Like silicon, perovskites are also semiconductor materials but they can absorb the blue light from the visible spectrum and convert it into electric energy.

Silicon, on the other hand, absorbs red light. By using these two materials in tandem, it's possible to boost the total light absorbed by the panel and cross the 30 percent energy conversion barrier.

Tandem cells using perovskites and silicon make solar power more efficient and affordable
Illustration of a perovskite-silicon tandem cell

Perovskite is usually placed on top of the silicon layer, and these types of solar cells are referred to as perovskite-silicon, or simply 'tandem cells'.

Interesting Engineering has previously reported how researchers have been able to break the energy conversion thresholds using tandem solar cells.

While these were the first few attempts in this direction, they have now become regular in research circles.

Silicon-only solar cells have an energy conversion efficiency of 27 percent under laboratory conditions, which decreases to 24.5 percent in real-world settings.
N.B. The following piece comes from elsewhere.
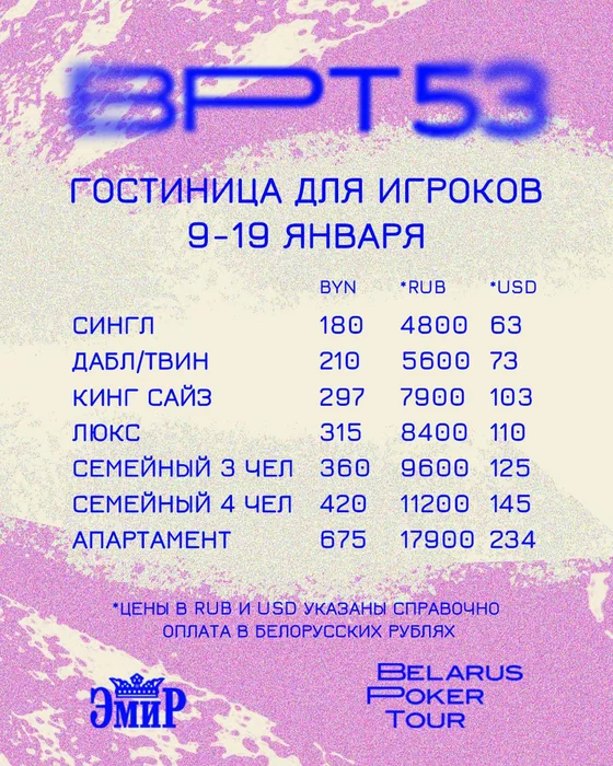 Цены действительны при бронировании через представителя Belarus Poker Tour. Цены в USD и RUB указаны справочно, оплата в белорусских рублях. Можно платить картой мир.

In real-life situations, tandem solar cells would also convert smaller amounts of incident energy. However, it would still be higher than those of silicon-only cells.

Size matters

The solar industry is racing to adopt tandem cells into their production cycles. The bottleneck, though, is the small size of tandem cells, typically 1 cm x 1 cm (0.39" x 0.39") in size, while silicon cells on commercial solar panels measure 15 cm x 15 cm (5.9" x 5.9").

The size scale-up will likely make tandem cell production much more expensive than silicon-only cells.

However, experts believe that these higher costs will be offset by the increased energy production from the cells, which will further reduce the costs of generating solar energy.